• _What needs to be done_: Dropping every picture, set down exactly the lines in the entries below, starting with the line with "乌克兰国家安全局特种作战中心" and going on through the line with "El alojamiento rural".

• _Records provided_:
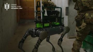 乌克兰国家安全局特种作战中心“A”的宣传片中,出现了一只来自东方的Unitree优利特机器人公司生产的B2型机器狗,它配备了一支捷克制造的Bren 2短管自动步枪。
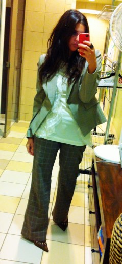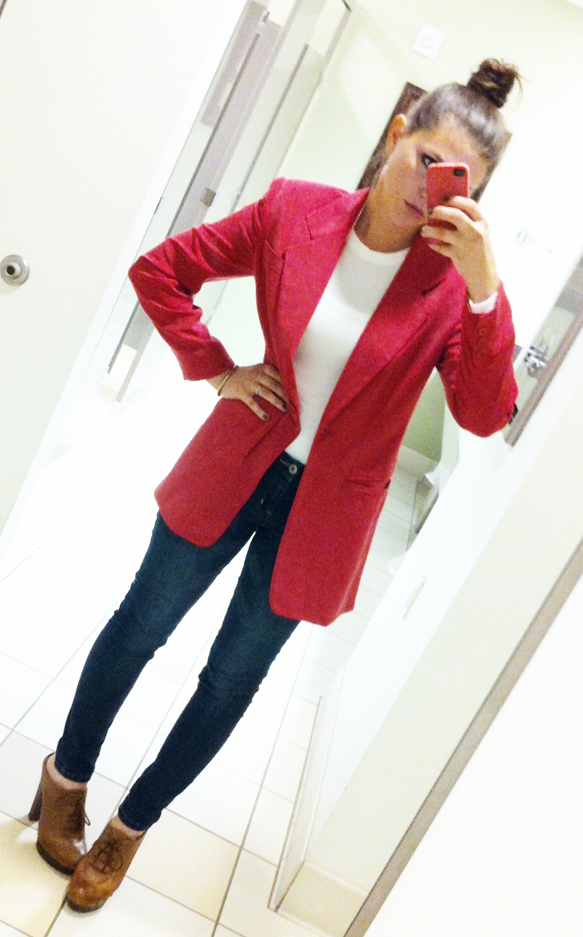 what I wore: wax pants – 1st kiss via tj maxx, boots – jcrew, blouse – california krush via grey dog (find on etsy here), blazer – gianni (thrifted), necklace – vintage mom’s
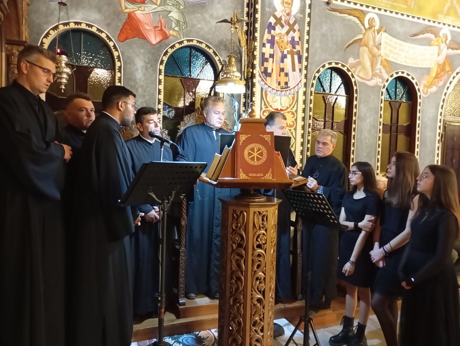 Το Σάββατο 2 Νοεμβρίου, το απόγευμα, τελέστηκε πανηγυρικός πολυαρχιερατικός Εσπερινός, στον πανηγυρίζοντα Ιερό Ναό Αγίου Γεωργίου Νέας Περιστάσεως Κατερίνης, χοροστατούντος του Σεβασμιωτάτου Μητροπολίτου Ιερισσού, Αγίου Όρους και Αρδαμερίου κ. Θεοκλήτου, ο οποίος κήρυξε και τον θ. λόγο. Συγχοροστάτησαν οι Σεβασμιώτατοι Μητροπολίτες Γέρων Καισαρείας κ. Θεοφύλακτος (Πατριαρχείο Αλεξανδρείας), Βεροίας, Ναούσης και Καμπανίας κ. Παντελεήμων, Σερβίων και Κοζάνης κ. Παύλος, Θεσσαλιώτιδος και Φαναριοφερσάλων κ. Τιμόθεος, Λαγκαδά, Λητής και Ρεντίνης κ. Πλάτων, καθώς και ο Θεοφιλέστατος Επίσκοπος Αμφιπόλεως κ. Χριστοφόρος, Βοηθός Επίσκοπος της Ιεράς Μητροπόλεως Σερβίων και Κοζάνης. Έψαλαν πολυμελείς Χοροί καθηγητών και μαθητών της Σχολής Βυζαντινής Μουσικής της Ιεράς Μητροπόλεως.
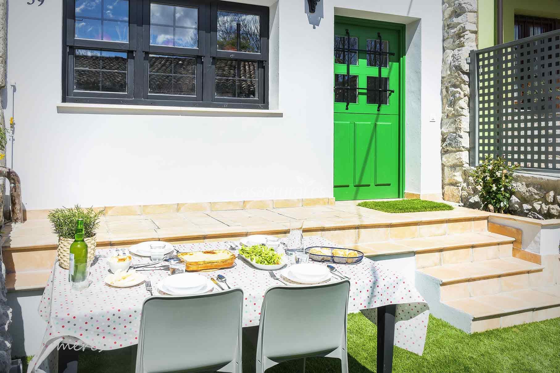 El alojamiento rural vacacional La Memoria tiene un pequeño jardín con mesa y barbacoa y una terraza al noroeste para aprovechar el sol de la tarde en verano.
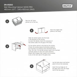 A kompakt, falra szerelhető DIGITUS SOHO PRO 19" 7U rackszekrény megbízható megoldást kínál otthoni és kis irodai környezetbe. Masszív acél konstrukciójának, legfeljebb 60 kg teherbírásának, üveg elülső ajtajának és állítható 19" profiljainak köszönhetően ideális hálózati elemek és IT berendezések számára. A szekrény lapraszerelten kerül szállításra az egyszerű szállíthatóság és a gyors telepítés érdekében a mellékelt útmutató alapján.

--

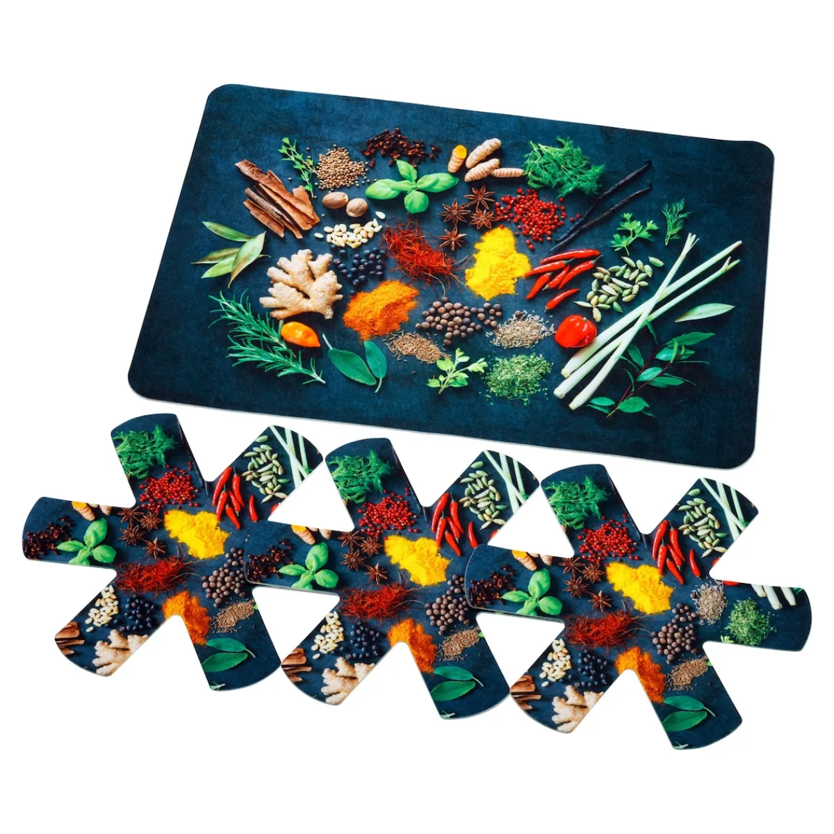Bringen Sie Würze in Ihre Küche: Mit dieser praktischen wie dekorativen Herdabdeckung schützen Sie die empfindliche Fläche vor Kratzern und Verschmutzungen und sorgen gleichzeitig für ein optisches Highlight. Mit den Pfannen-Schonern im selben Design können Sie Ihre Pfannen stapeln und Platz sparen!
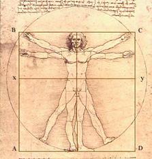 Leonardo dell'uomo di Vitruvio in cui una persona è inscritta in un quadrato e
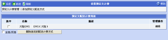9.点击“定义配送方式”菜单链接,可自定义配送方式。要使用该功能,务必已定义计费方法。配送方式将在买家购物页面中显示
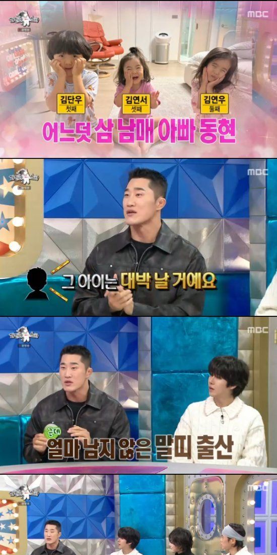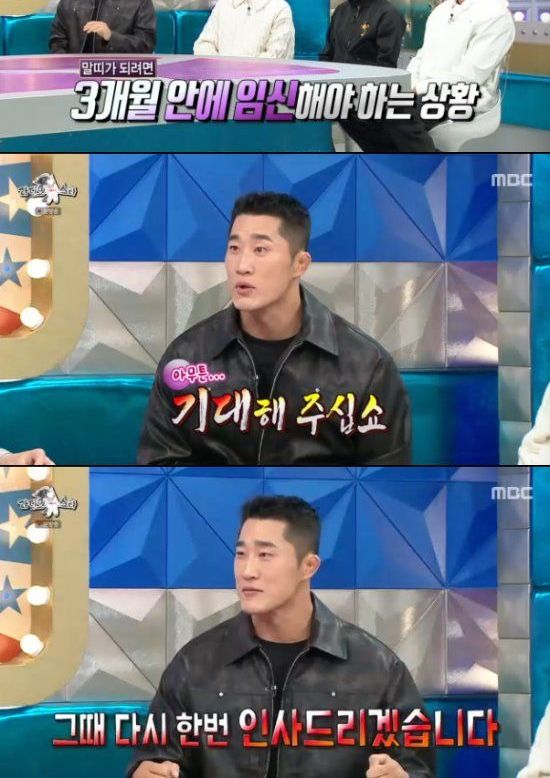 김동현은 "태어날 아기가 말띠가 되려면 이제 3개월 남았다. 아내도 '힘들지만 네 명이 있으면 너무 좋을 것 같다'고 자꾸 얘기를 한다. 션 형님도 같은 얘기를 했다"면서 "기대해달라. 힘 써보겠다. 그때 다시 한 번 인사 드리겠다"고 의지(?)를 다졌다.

---

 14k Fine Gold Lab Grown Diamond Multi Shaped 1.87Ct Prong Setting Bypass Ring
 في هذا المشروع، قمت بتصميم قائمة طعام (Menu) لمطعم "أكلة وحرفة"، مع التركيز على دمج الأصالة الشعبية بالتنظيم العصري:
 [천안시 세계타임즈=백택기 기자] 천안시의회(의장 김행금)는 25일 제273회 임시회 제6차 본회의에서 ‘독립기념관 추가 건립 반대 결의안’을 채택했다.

• _Task answer_:
 乌克兰国家安全局特种作战中心“A”的宣传片中,出现了一只来自东方的Unitree优利特机器人公司生产的B2型机器狗,它配备了一支捷克制造的Bren 2短管自动步枪。
 what I wore: wax pants – 1st kiss via tj maxx, boots – jcrew, blouse – california krush via grey dog (find on etsy here), blazer – gianni (thrifted), necklace – vintage mom’s
 Το Σάββατο 2 Νοεμβρίου, το απόγευμα, τελέστηκε πανηγυρικός πολυαρχιερατικός Εσπερινός, στον πανηγυρίζοντα Ιερό Ναό Αγίου Γεωργίου Νέας Περιστάσεως Κατερίνης, χοροστατούντος του Σεβασμιωτάτου Μητροπολίτου Ιερισσού, Αγίου Όρους και Αρδαμερίου κ. Θεοκλήτου, ο οποίος κήρυξε και τον θ. λόγο. Συγχοροστάτησαν οι Σεβασμιώτατοι Μητροπολίτες Γέρων Καισαρείας κ. Θεοφύλακτος (Πατριαρχείο Αλεξανδρείας), Βεροίας, Ναούσης και Καμπανίας κ. Παντελεήμων, Σερβίων και Κοζάνης κ. Παύλος, Θεσσαλιώτιδος και Φαναριοφερσάλων κ. Τιμόθεος, Λαγκαδά, Λητής και Ρεντίνης κ. Πλάτων, καθώς και ο Θεοφιλέστατος Επίσκοπος Αμφιπόλεως κ. Χριστοφόρος, Βοηθός Επίσκοπος της Ιεράς Μητροπόλεως Σερβίων και Κοζάνης. Έψαλαν πολυμελείς Χοροί καθηγητών και μαθητών της Σχολής Βυζαντινής Μουσικής της Ιεράς Μητροπόλεως.
 El alojamiento rural vacacional La Memoria tiene un pequeño jardín con mesa y barbacoa y una terraza al noroeste para aprovechar el sol de la tarde en verano.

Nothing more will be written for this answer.